Dalam teori kapitalisme klasik ala Adam Smith, semua pihak dianggap akan diuntungkan jika bertindak sesuai kepentingan pribadinya. Tapi ketika keuntungan menjadi satu-satunya tujuan, ada banyak hal yang dikorbankan—termasuk keadilan bagi para pekerja. Sistem ini berjalan seolah-olah netral, padahal pada praktiknya ia menciptakan peta kekuasaan dan pengaruh yang sangat timpang.
Buruh sebagai Korban dari Sistem yang “Efisien”
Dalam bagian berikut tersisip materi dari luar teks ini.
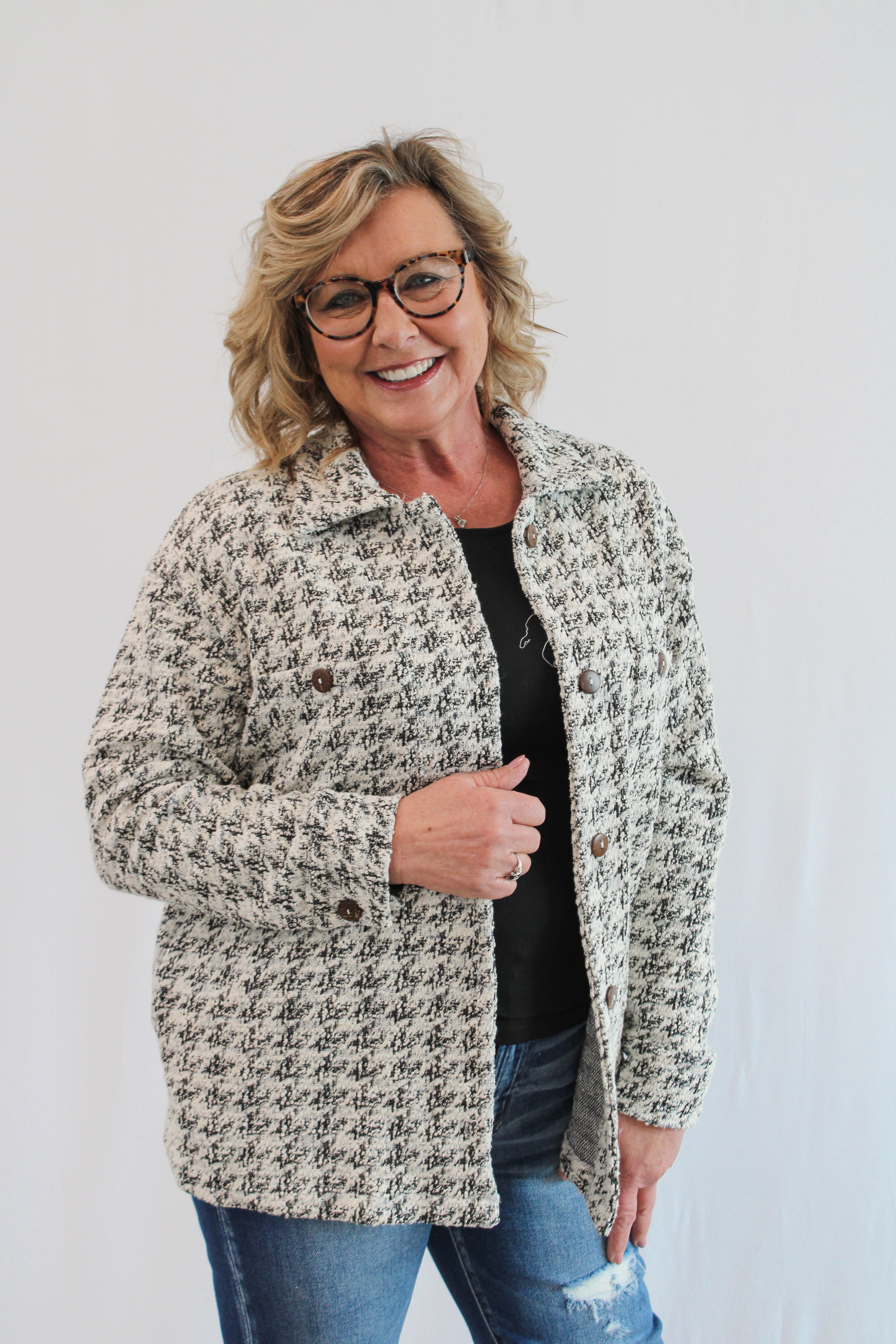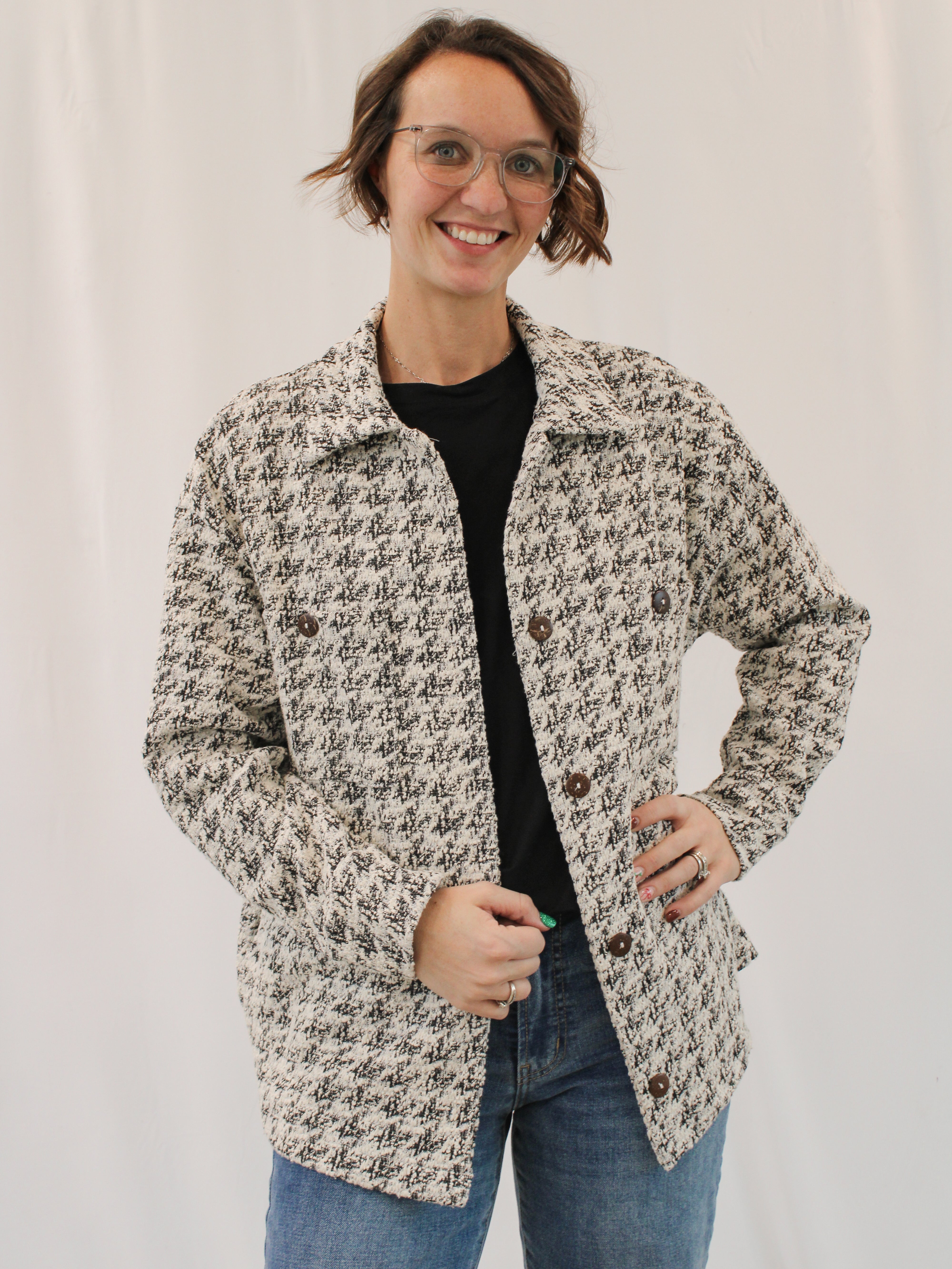Stay stylish and cozy with our KIRI REG/CURVY HOUNDSTOOTH SHACKET. This black, cream, and white lightweight shacket is perfect for any season. Its longer length and button-down design provide both comfort and style. Upgrade your wardrobe with this versatile piece.

Untuk menjaga harga jual tetap rendah, perusahaan fast fashion biasanya mengalihdayakan produksi ke negara-negara berkembang seperti Bangladesh, India, Kamboja, Vietnam, dan Indonesia. Di sinilah cerita buruh mulai masuk. Banyak dari mereka bekerja lebih dari delapan jam sehari, dalam kondisi pabrik yang panas, sempit, dan jauh dari standar keselamatan. Upah yang diterima sering kali tidak cukup untuk memenuhi kebutuhan dasar, apalagi menabung atau mengakses layanan kesehatan dan pendidikan.
Kasus Rana Plaza di Bangladesh adalah salah satu contoh tragis dari ketimpangan ini. Pada 24 April 2013, bangunan pabrik garment Rana Plaza runtuh, menewaskan lebih dari 1.100 pekerja dan melukai ribuan lainnya. Kebanyakan dari mereka adalah buruh perempuan yang bekerja untuk merek-merek internasional besar seperti Primark, Walmart, dan Benetton. Tragedi ini memicu kecaman internasional terhadap kondisi kerja di industri garment global dan mendorong gerakan untuk meningkatkan keselamatan kerja serta keadilan sosial dalam industri tersebut. Kasus ini menunjukkan betapa rapuhnya sistem yang mengutamakan efisiensi tanpa memperhitungkan keselamatan pekerja.
Pekerja perempuan mendominasi industri ini, dan mereka sering menjadi kelompok paling rentan. Banyak laporan menunjukkan adanya diskriminasi, pelecehan, bahkan kekerasan verbal dan fisik yang mereka alami di tempat kerja. Namun karena kebutuhan ekonomi, mereka tidak punya banyak pilihan selain bertahan.
Bagi perusahaan, ini adalah bagian dari strategi bisnis yang “rasional”. Namun bagi para buruh, ini adalah bentuk eksploitasi yang terstruktur. Sistem kapitalisme menempatkan tenaga kerja sebagai komponen produksi yang harus ditekan biayanya, bukan sebagai manusia yang memiliki hak dan martabat.